AIM OF THE TASK =>
For the material below, the expected output is exactly the lines between the line holding "近日,哈萨克斯坦阿拉木图市郊山区被冰雪覆盖,人们纷纷到户外享受冬日雪趣。" and the line holding "Der Skybrid Air", inclusive, with pictures left out.

INFORMATION SHOWN =>
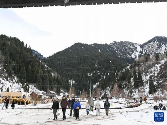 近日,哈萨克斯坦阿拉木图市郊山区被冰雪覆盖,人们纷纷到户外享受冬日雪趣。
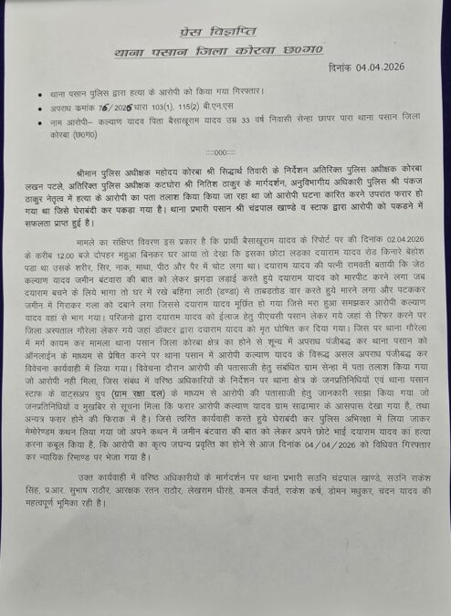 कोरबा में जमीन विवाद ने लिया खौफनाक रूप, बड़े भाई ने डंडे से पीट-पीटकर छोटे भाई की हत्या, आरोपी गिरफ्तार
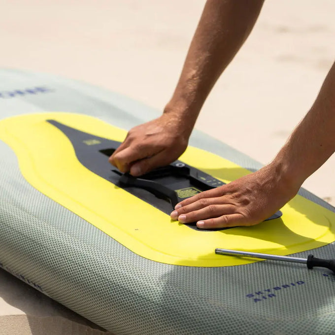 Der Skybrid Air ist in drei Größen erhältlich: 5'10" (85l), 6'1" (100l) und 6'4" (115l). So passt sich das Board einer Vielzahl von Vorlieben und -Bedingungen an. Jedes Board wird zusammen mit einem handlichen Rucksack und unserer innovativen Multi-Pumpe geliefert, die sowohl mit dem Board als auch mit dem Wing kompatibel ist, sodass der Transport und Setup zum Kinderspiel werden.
* * *
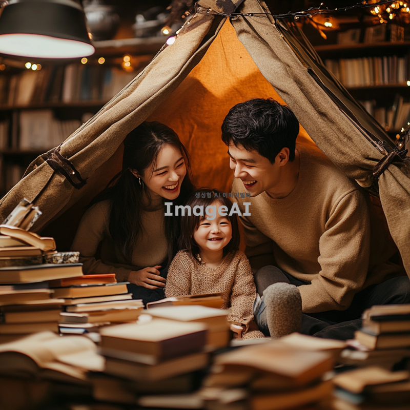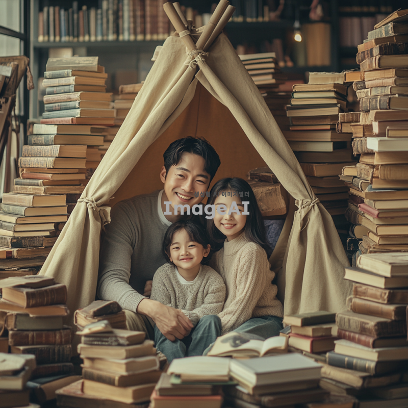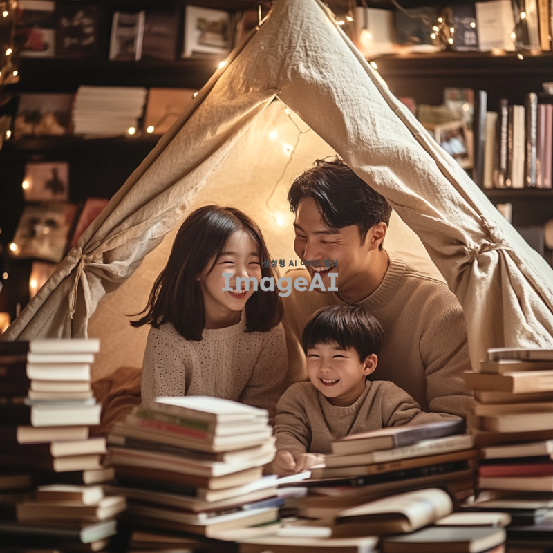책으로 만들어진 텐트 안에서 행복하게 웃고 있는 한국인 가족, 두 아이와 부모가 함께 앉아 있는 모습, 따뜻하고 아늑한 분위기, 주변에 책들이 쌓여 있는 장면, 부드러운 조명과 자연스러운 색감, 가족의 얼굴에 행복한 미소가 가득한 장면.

WRITTEN ANSWER =>
 近日,哈萨克斯坦阿拉木图市郊山区被冰雪覆盖,人们纷纷到户外享受冬日雪趣。
 कोरबा में जमीन विवाद ने लिया खौफनाक रूप, बड़े भाई ने डंडे से पीट-पीटकर छोटे भाई की हत्या, आरोपी गिरफ्तार
 Der Skybrid Air ist in drei Größen erhältlich: 5'10" (85l), 6'1" (100l) und 6'4" (115l). So passt sich das Board einer Vielzahl von Vorlieben und -Bedingungen an. Jedes Board wird zusammen mit einem handlichen Rucksack und unserer innovativen Multi-Pumpe geliefert, die sowohl mit dem Board als auch mit dem Wing kompatibel ist, sodass der Transport und Setup zum Kinderspiel werden.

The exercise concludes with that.